Title: Parentheses Matching
Post by Barukh on May 25th, 2005, 11:00am
You are given a string of open/closed parenetheses of a single type. It's fairly easy to implement the parentheses matching (PM) procedure using a single counter with the set of operations (reset, ++, --).

Is it possible to implement PM given 2 different types of parentheses and using 2 counters?

What about general case of n different types of parentheses?

Title: Re: Parentheses Matching
Post by VincentLascaux on May 25th, 2005, 11:41am

Quote:
Is it possible to implement PM given 2 different types of parentheses and using 2 counters?


No, if you have [ ( ] ), the basic counter algorithm will return that it's ok when it's not.
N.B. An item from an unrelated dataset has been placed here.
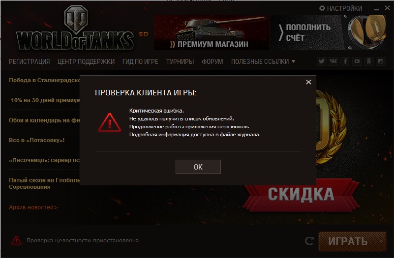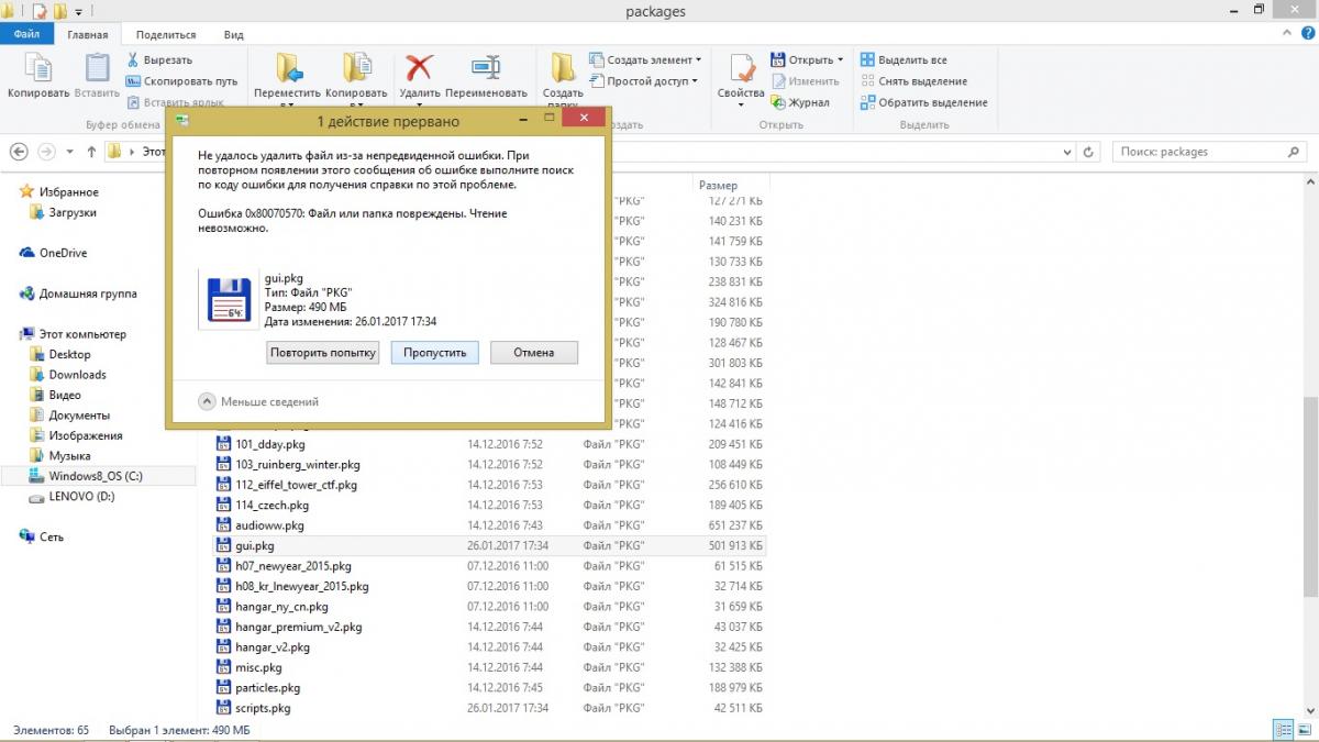 Ситуация такая, играл я в танки примерно дней 5 назад все было норм, потом захожу в игру а она мне выдает ошибку: game resource path does not exist ./res/packages/gui.pkg Погуглил, предлогают через лончер проверить целостность игры. Нажал, начинает проверять, доходит до 61% и все выскакивает вот такая ошибка (скрин). Нашел этот файл в игре, попробовал удалить, тоже не выходит, пишет ошибку (скрин2), так же нельзя копировать и переименовывать, пробовал даже через анлокер удалить тоже не получается. Если снести игру то этот файл останется и при последующей установке игры будет такая же петрушка. Может кто сталкивался с таким? Есть решение?

You need a stack of counters.


Quote:
What about general case of n different types of parentheses?


Same thing... you need to store the type of parenthesis in the stack.
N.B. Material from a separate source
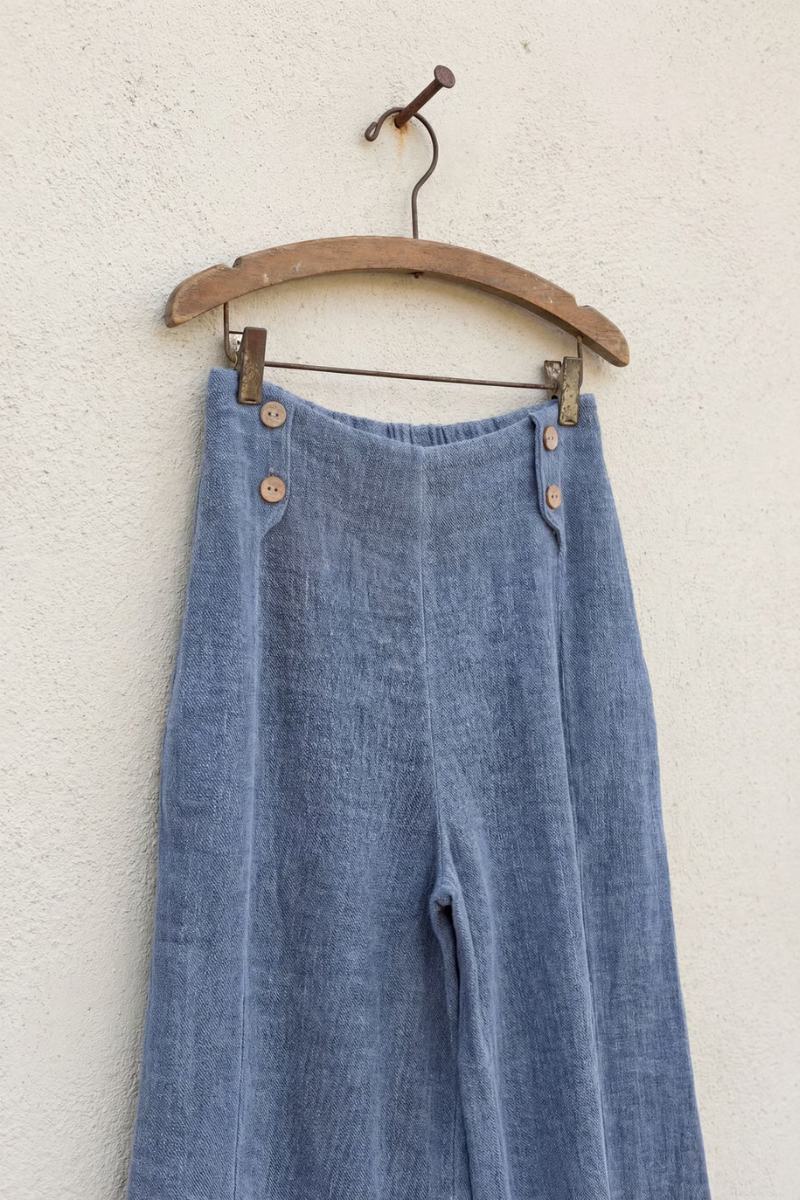 Effortless and beautifully fluid, these wide-leg pants are crafted in Italy from a lightweight linen–cotton blend that feels breathable and soft against the skin. Designed with a mid-rise waist and finished with decorative front buttons, they offer a relaxed silhouette with a graceful, natural drape.

As usual, following code was not tested :)

[hideb]
std::vector< std::pair<int, int> > stack;

/* I assume there is a "read parenthesis" function called read that sets these variable */
bool opened;
int type;

while(read())
{
 if(stack.empty())
 {
   if(!opened) return false;
   stack.push_back(std::make_pair(type, 1));
 } else {
   if(stack.back().first == type)
   {
     if(opened)
       ++stack.back().second;
     else if(--stack.back().first == 0)
        stack.pop_back();
   } else {
     if(!opened) return false;
     stack.push_back(std::make_pair(type, 1));
   }
 }
}
return stack.empty();
[/hideb]

Title: Re: Parentheses Matching
Post by Deedlit on May 25th, 2005, 11:51am
Can you describe what the PM procedure is specifically?

Title: Re: Parentheses Matching
Post by Barukh on May 26th, 2005, 2:17am

on 05/25/05 at 11:51:45, Deedlit wrote:
Can you describe what the PM procedure is specifically?

Parentheses Matching is a standard procedure in parsing the formal languages. Given a sequence of open/closed parentheses of n types (for instance, (), [], {}) PM checks whether the parentheses are properly nested, that is:

1. No subsequence has more closed parentheses that open parentheses of a specific type.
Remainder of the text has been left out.